Corcoran se volvió hacia Ford.
—No puede evitarlo. Se doctoró en gilipollez.
«Más problemas», pensó Ford. Tendría que ser prudente, para no interponerse en el fuego cruzado hasta haber averiguado en qué términos estaban los unos con los otros.
—Creo esta noche Melissa ha bebido un poco demasiado del vino —dijo Volkonski—. Como siempre.
—Ssí, clarro —dijo ella, imitando despiadadamente su acento—. ¡Supongo que es megorr hincharrme de vodka de madrugada, como tú! —Levantó la copa—. Za vas!
Apuró lo que quedaba.
—¿Me permitís que os interrumpa? —preguntó Innes, con la voz engolada de un profesional—. No es que esté mal expresar las emociones, pero mi consejo…
Hazelius le silenció con un gesto. Después miró fijamente a Volkonski y a Corcoran, que acabaron callándose. Volkonski se echó hacia atrás, con un temblor en la comisura de los labios. Corcoran cruzó los brazos.
Hazelius dejó que el silencio se volviera incómodo.
—Estamos todos un poco cansados y decepcionados —acabó diciendo con voz suave. Se oía crepitar el fuego—. ¿Verdad que sí, Peter?
Volkonski no dijo nada.
—¿Melissa?
Corcoran se había ruborizado. Asintió ligeramente.
—Nos os empecinéis. Tranquilos. Perdón y afabilidad. Por el bien del proyecto.
Era una voz que imponía sosiego, una voz con algo rítmico e hipnótico, como la de un domador serenando a un caballo asustado; y, a diferencia de la de Innes, sin rastro de condescendencia.

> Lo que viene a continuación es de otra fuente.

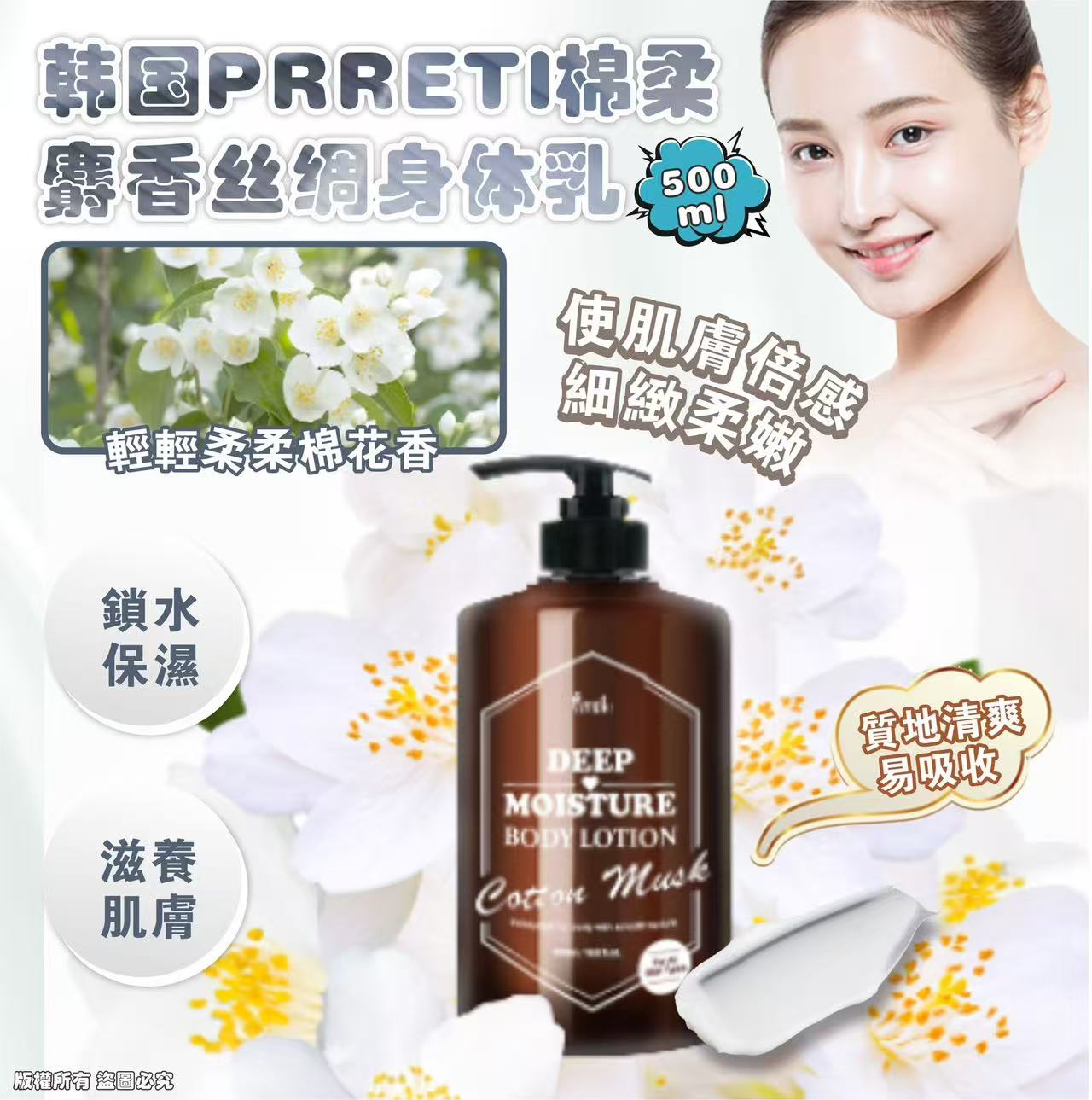 韓國Prreti 棉柔麝香絲綢身體乳500ml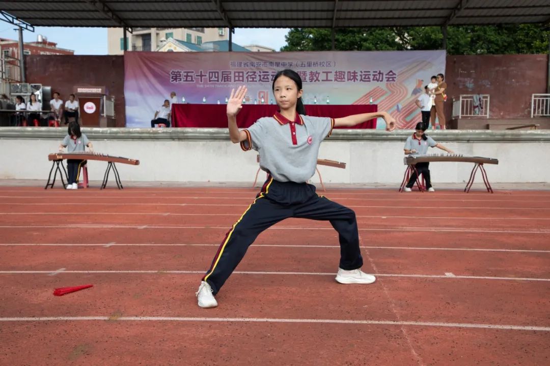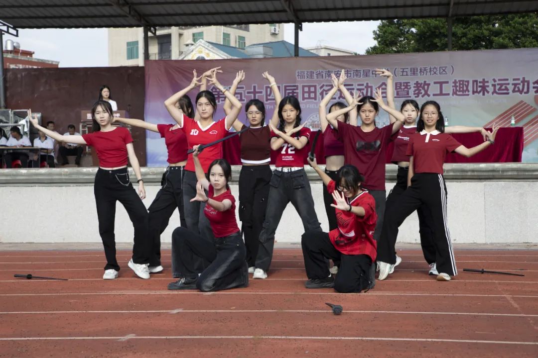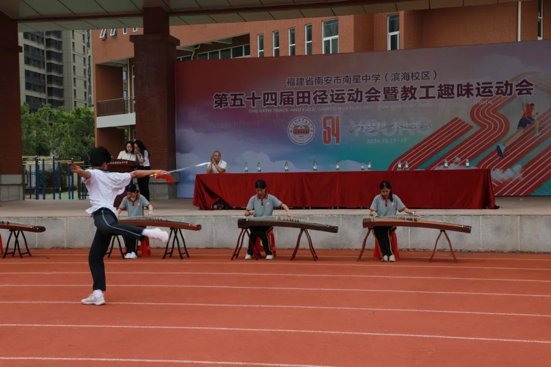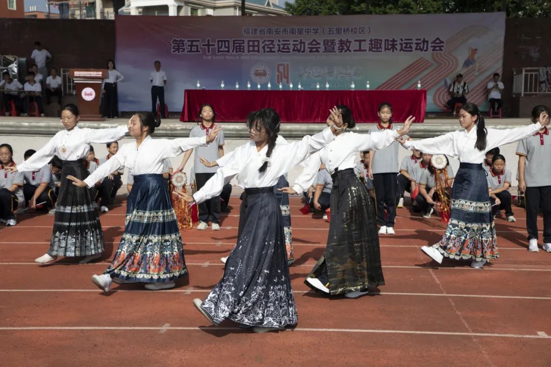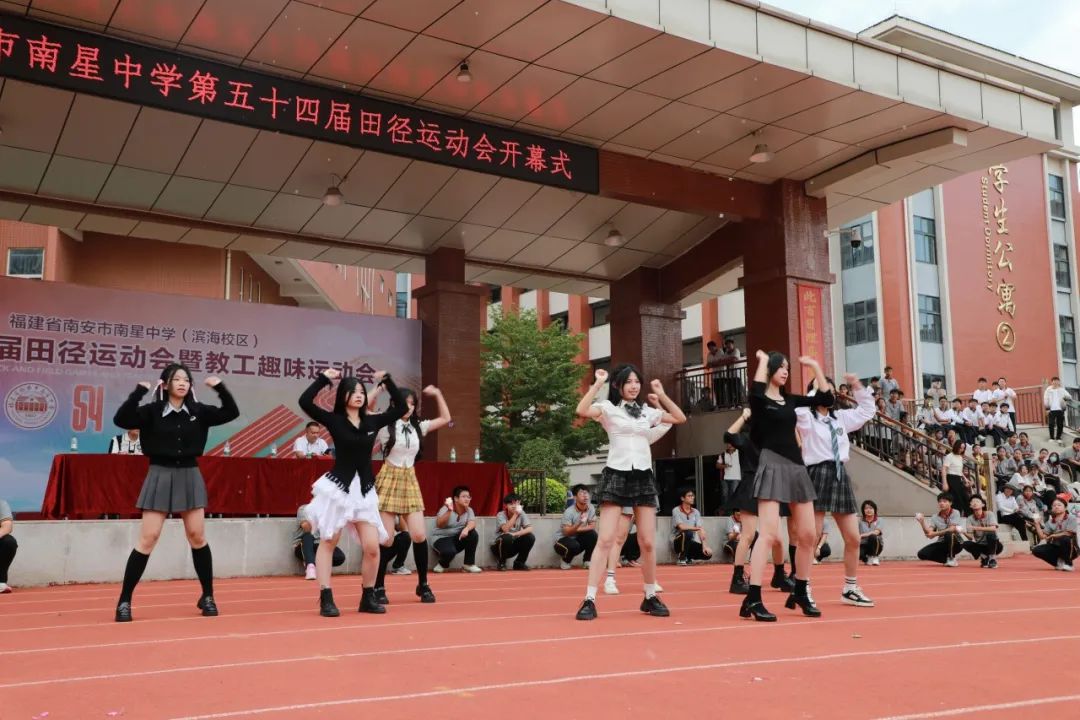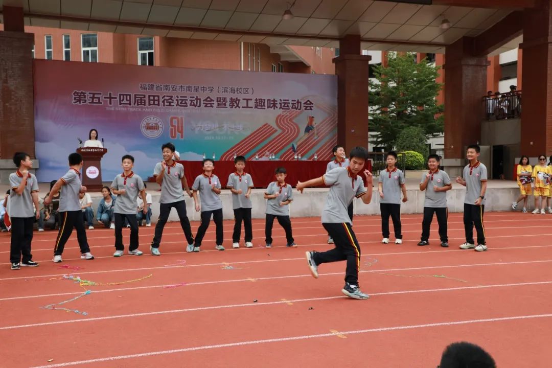 金叶纷飞落千果 硕果盈枝笑语喧 2024年10月16日与10月17日 南安南星中学第54届田径运动会 暨教工趣味运动会 在滨海校区与五里桥校区隆重开幕 青春同行,六千学子赛场襄盛会;弦歌不辍,九十七载风华映辉煌。全体师生在运动场上勾勒出一幅幅青春热血的画面,呈现出一场精美的视觉盛宴。学校党总支书记、校长黄新生,党总支专职副书记郑振隆,副校长徐文彬、周龙拿、林夏蓉及全体师生参加开幕式。 奏国歌,升国旗。 开幕式分别由政教处主任吕少东和团委副书记尤加鑫主持。 郑振隆专职副书记致开幕辞。 裁判员代表林敏老师(滨海)和洪香如老师(五里桥)宣誓。 运动员代表曾于涵同学(滨海)吕培霖同学(五里桥)宣誓。 国旗、校旗、彩旗方阵 迈着时代的步伐,和着运动员进行曲,在四名护旗手的护卫下,鲜艳的五星红旗缓缓进入会场。紧随其后的是校旗和彩旗方阵,他们步伐整齐,精神抖擞,意气风发,踏歌而来。 标语方阵 一块标语,就是一份荣誉,体现了无上的荣光,凝聚着无数南星人的心血,南星人为自己鼓掌,为自己喝彩。 吉祥物方阵 学生是我们的星宝,星宝是学生的最爱。这不仅是学生们对自我的激励,更是对学校精神的传承与弘扬,激励着每一个人在赛场上奋力拼搏,追求卓越。 裁判员方阵 在校运会的庄严时刻,裁判员方阵踏着坚定的步伐步入会场。他们神情严肃而公正,为校运会增添了专业与严谨的氛围,。 恰同学少年,风华正茂;骋飒爽英姿,一代天骄。开幕式其最为耀眼的焦点,无疑定格在了那激动人心的开幕式上——特别是各班级精心策划的入场展示环节。开放包容的南星中学为学生们构筑起一个绚烂多彩、彰显多元个性的璀璨舞台。 在这里,每一面飘扬的班旗都是梦想的翅膀,引领着青春的步伐;每一次创意的展现,都是对自我风采的极致诠释。同学们身着各异、创意无限的服装,踏着自信的步伐,高呼着响亮的口号步入会场,他们用最真挚的情感、最独特的视角,讲述着属于自己的故事,展现着青春的活力与风采。 01 社团展演秀,多元文化共交融 军鼓、小鼓队伍步伐铿锵,展现坚硬风采,与运动会竞技精神交相辉映。大鼓开场,震撼人心,鼓声激昂中尽显中华文化底蕴;拉丁舞热情奔放,舞者们以华丽舞姿点燃青春火焰,传递无限活力;现代舞紧随其后,自由灵动,诠释个性风采;古筝演奏悠扬悦耳,古典韵味沁人心脾,为运动会增添一抹宁静与雅致;最终,武术表演震撼登场,少年少女们龙腾虎跃,展现中华武魂。 02 殷殷传承念,古典舞韵展风华 随着悠扬的古典音乐响起,一支支身着华丽马面裙的班级方阵缓缓步入会场。他们以轻盈的步伐、曼妙的身姿,演绎了一段段经典的古典舞蹈。从《江南》的柔情似水,到《万疆》的刚劲有力,每一个动作都蕴含着深厚的文化底蕴,展现了学生们对中华传统文化的热爱与传承。 这场古典华韵表演,不仅让在场的师生仿佛穿越时空,感受到了古人的风雅与情怀,更激发了大家对传统文化的自豪感与使命感。 03 热爱祖国情,赤子之心映日辉 各班级方阵以丰富多彩的形式表达了对祖国的热爱之情。有的班级手持五星红旗,高声合唱《我和我的祖国》,歌声激昂,情感真挚,让人热血沸腾;有的则通过诗朗诵、情景剧等形式,讲述了中华民族的历史变迁和伟大成就,展现了中华儿女自强不息、奋发向前的精神风貌。这些表演,不仅增强了学生们的爱国情感,也让他们更加坚定了为中华民族伟大复兴而努力奋斗的决心。 04 青春活力舞,阳光少年展风采 青春活力的现代舞表演点燃了全场的热情。学生们身着时尚服装,伴随着动感的音乐节奏,尽情释放着青春的活力与激情。街舞、爵士舞、啦啦队操……各种风格迥异的舞蹈轮番上演,展现了当代中学生的多才多艺和青春魅力。他们的笑容灿烂,舞姿灵动,让整个会场洋溢着青春的气息和欢乐的氛围。随后,青春活动的展示将开幕式推向了高潮。学生们纷纷拿出自己的看家本领,从全班团舞的合作,到街舞、啦啦队操的激情四溢,每一项活动都充满了青春的活力与魅力。他们用自己的方式诠释着青春的定义,展现了当代中学生的风采与自信。观众们的掌声与欢呼声此起彼伏,整个会场洋溢着欢乐与向上的氛围。 南星学子以共同的信念为底色,携手绘制出一幅幅多彩的未来画卷。健康,在笑语中传递;优秀,在汗水中绽放;青春,在这里登场。 在全场师生的热切期盼中,黄新生校长庄重宣布:“南星中学第54届田径运动会暨教工趣味运动会正式开幕!” 这一刻,不仅标志着南星中学体育盛事的启幕,更是全校师生团结协作、勇于挑战、追求卓越精神的集中展现。运动会将成为展现南星风采、凝聚集体力量、放飞青春梦想的璀璨舞台。 策划:校宣组 图片:庄文权 吕俊鑫 撰稿:李诗婷 陈柏源(初二12班) 编辑、初审:李诗婷 复审:林夏蓉 终审:郑振隆

—Exacto —dijo Innes, interrumpiendo la calma creada por Hazelius—. Ni más ni menos. Ha sido una conversación muy positiva. Ya ventilaremos estas cuestiones en la próxima sesión de grupo. Repito que es bueno expresar las emociones.
Volkonski se levantó tan deprisa que tumbó la silla. Arrugó la servilleta y la tiró sobre la mesa, hecha una bola.
—A la mierda sesiones de grupo. Yo tengo trabajo.
Salió dando un portazo.
Nadie dijo nada. Solo se oía un susurro de papeles. Era Edelstein, que ya había acabado de cenar y giraba otra página de Finnegans Wake.